We know how much the Apollo program cost:
The United States spent \$28 billion to land men on the Moon between 1960 and 1973, or approximately \$288 billion when adjusted for inflation.
While landing on the moon has great intrinsic difficulty, it seems like much of the cost was from meeting the end-of-decade deadline. Some possible reasons (from this NASA article):
- In 1961 we had not even started Gemini, which demonstrably overran its budget significantly: "[...] difficulties shot an estimated \$350 million program to over \$1 billion. The overruns were successfully justified by the space agency, however, as necessities to meet the Apollo landing commitment."
- The S-II stage "was always behind schedule, and required constant attention and additional funding to ensure completion by the deadline for a lunar landing."
- "[t]he original NASA estimates had given a target date of 1967, but as the project became more crystallized agency leaders recommended not committing to such a strict deadline." If 1967 was possibly not achievable at a reasonable cost, then maybe even 1969 was a stretch.
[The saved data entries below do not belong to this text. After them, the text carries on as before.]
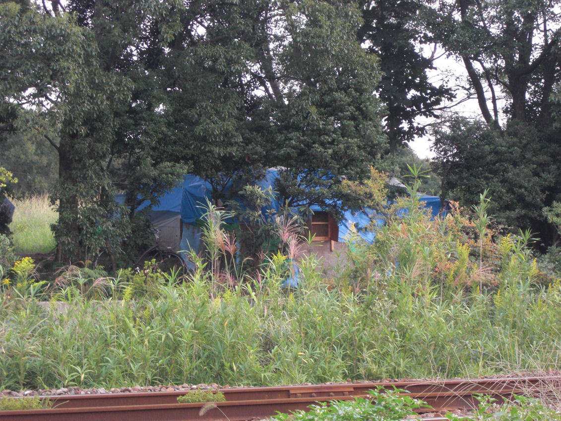 私が勤める会社の裏の風景です、ビニールシートでできた家があります。かなり大きくて窓なんかもちゃんとあります、ホームレスと云うんでしょうか、電気も水道もないけど立派な家です。
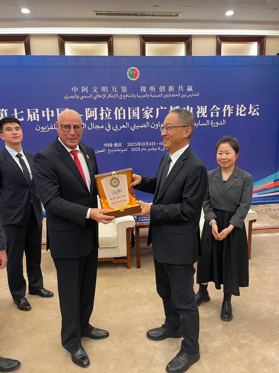 البيان المشترك للدورة السابعة لملتقى التعاون العربي الصيني في مجال الإذاعة والتلفزيون |  | 2025/11/05 عقدت الدورة السابعة لملتقى التعاون العربي الصيني في مجال الإذاعة والتلفزيون في تشونغتشينغ خلال الفترة من 4 إلى 6 نوفمبر 2025، بمشاركة كل من الهيئة الوطنية الصينية للإذاعة والتلفزيون، وحكومة بلدية تشونغتشينغ الشعبية، والأمانة العامة لجامعة الدول العربية، وممثلي الجهات المعنية في الدول العربية، واتحاد إذاعات الدول العربية.
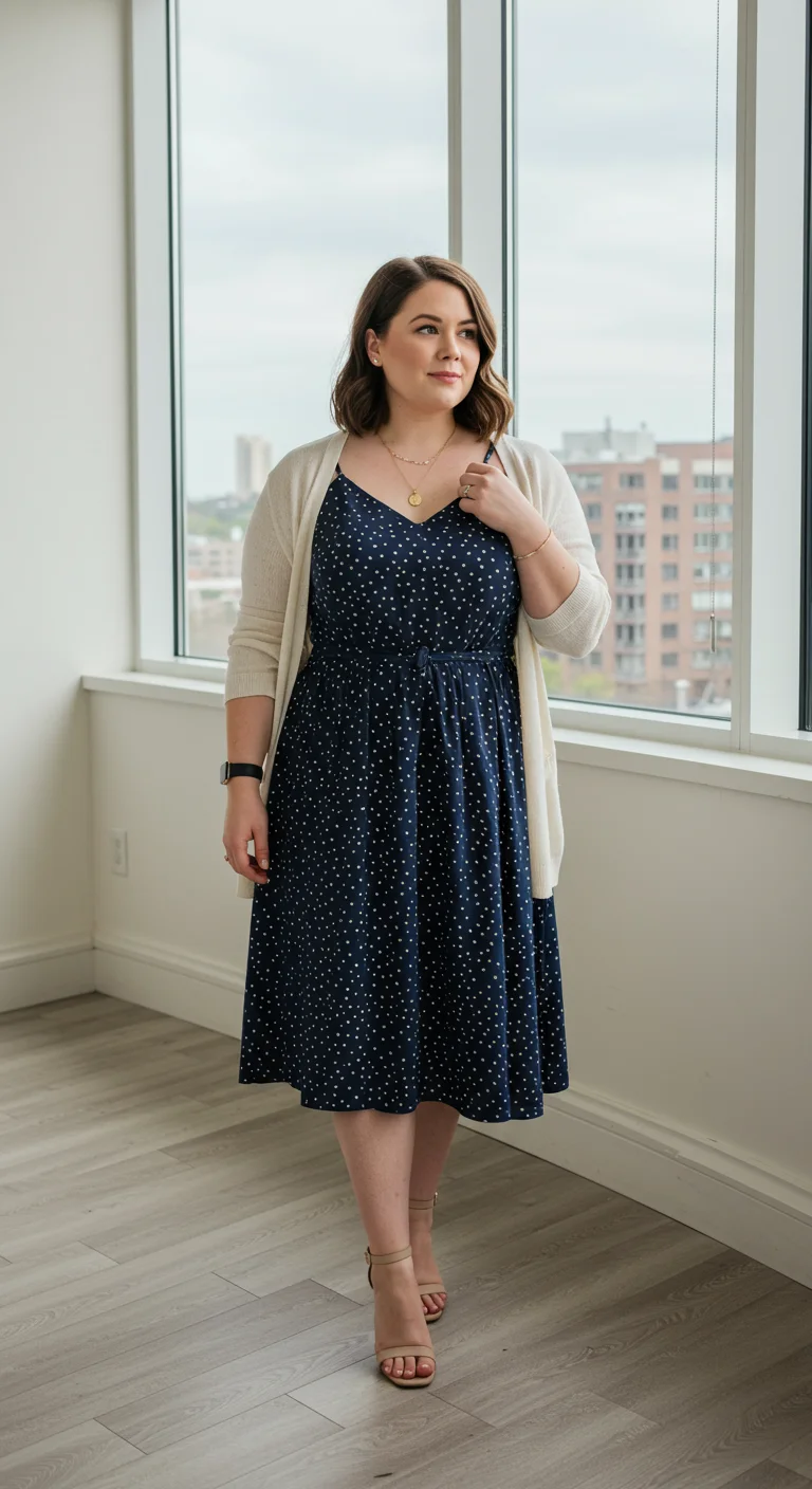 A navy blue sleeveless midi dress with a subtle polka dot print is both fun and professional.
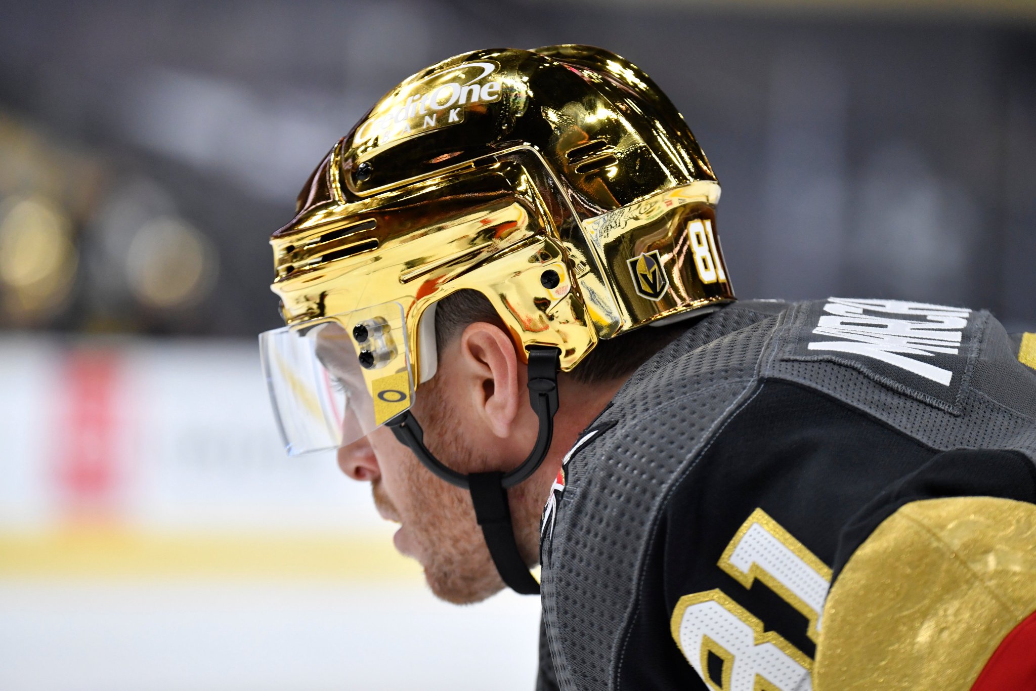 Las vegas golden knights golden helmets. When the golden knights took the ice against the anaheim ducks thursday night the team debuted gold chrome helmets that were for lack of a better word bright. From the first metallic gold sweaters in nhl history to a red reverse retro dedicated to the las vegas wranglers and las vegas thunder it has been a time if youve wished for vegas to broaden its unique design. Vegas golden knights celebrate after left wing max pacioretty 67 scored on the colorado avalanche during the second period of an nhl hockey game tuesday feb.

However, it's also conceivable to me that Apollo would have cost more with an extended deadline--much of the work was parallelizable anyway, and a lack of urgency could have led to bureaucratic waste or higher safety demands.
So my questions are:
- Could the cost of the Apollo program have been cut down if NASA had, say, a 1979 deadline rather than 1969, and by how much?
- How would the later deadline affect individual segments of the cost-- background research, construction of facilities, development of the Saturn V and the Apollo spacecraft itself, and operations cost?